SMILE OF THE DAY: Being that this bulletin was inspired by broadcaster Roy Noble, today I just happened to read again the following by Paul Donovan of The Sunday Times (I think), a column called Radio Waves carrying the headline Foot in mouth: More recently, a Radio Scotland presenter asked a bemused Joshua Rozenberg, in a discussion concerning Lady McCartney’s reported plans for litigation against certain newspapers, “Who is Heather Mills shagging?”, before hastily correcting that to “suing”. In March, the presenter Sadie Nine, of BBC Radio Essex, in a conversation about the large number of green parakeets in Greater London, observed that she did like a “cockatoo”; some mistook this for three words rather than one, and the BBC wheeled out an apologetic statement. My favourite, both for its sheer simplicity and for Nicky Campbell’s adroit handling of it, occurred in 2004. Radio 5 Live’s breakfast co-host was interviewing a huntsman in Kent, a county whose name proved tricky. The conversation went like this: NC: “Georgie Worsley is Master of the Old Surrey and Burstow and West C*** Hunt, and is out hunting this morning in Lingfield. Good morning!” GW: “Good morning to you. That was a bit of a slip, wasn’t it?” NC: “It was. I do apologise for that. It’s very early in the morning, and these things do happen, and I feel exceptionally embarrassed...” Goodnight Dai Version and all at the Asterisk Bar at the Crazy Horsepower Saloon. Goodnight Hubie.


SUNDAY, JANUARY 20, 2008
HANDS UP
ALL THOSE PRESENT AND CORRECT

Someone recently enquired how many visitors pass through my parlour. Truth to tell, I haven’t a clue. And therein lurks a tale. Last March when I set up this little project I asked the computer folk who hold my hand regarding all things technical about having a counter. Andrew drew a sharp breath, the sort motor mechanics do when studying the engine of your car: “I advise against,” he cautiously said, “at least initially, because you may well find that you’ll only be getting a couple or so visitors a week and perhaps that won’t do your confidence any favours – but if you insist, no problems.” That turned out to be a wonderful slice of advice, and probably explains why most bloggers fall by the wayside rather quickly.

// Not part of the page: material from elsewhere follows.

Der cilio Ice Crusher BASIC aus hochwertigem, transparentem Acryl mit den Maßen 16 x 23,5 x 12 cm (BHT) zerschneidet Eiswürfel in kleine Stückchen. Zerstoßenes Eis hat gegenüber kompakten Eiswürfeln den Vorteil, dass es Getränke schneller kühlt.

For all I know nobody visits the sites – well, no, that’s not true because I know I have one regular visitor! Since the word go I kept telling those I know of my adventure, and of course most were already familiar with my style of writing and photography from my varied correspondence with various newspapers. But what did become quickly apparent was that without media exposure it’s all a bit of a lottery. Also, whereas newspaper buyers regularly buy and get into the habit of flicking through and looking for what they’re familiar with, clicking onto a web site is a whole different routine which does not come naturally. So I decided from the off that I would simple write about the things that please and delight me – oh, and occasionally leave me gobsmacked (what a wonderfully horrid and perfect sounding word that is for the awful things of life). In other words I would write simply for my own pleasure, full stop.

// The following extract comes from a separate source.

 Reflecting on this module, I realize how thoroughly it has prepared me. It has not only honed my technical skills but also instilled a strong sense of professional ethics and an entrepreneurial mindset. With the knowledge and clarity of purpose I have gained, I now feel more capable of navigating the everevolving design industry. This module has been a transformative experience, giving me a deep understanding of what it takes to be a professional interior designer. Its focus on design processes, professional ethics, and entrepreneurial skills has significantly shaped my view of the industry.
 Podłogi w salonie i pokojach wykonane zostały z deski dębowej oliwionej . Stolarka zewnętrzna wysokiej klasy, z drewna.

When I began this particular site it started off as a straightforward blog, but gradually I started adding photographs. Then I changed tack. I’ve kept a diary for many a year: not a personal, Dear Hubie, sort of thing, but a straightforward record of where I’ve been, who I’ve met and if anything of particular note happened – just a few brief words. And of course I record the one thing that made me smile the most that day. Not only that but I cut out anything from newspapers or magazines that really catch my eye or tickle my fancy. In fact, it isn’t really a diary at all but a scrapbook with added comments. And of course this has now turned into an electronic diary, an online scrapbook, which means that instead of printing off snaps or cutting items out of newspapers, I now paste them in here.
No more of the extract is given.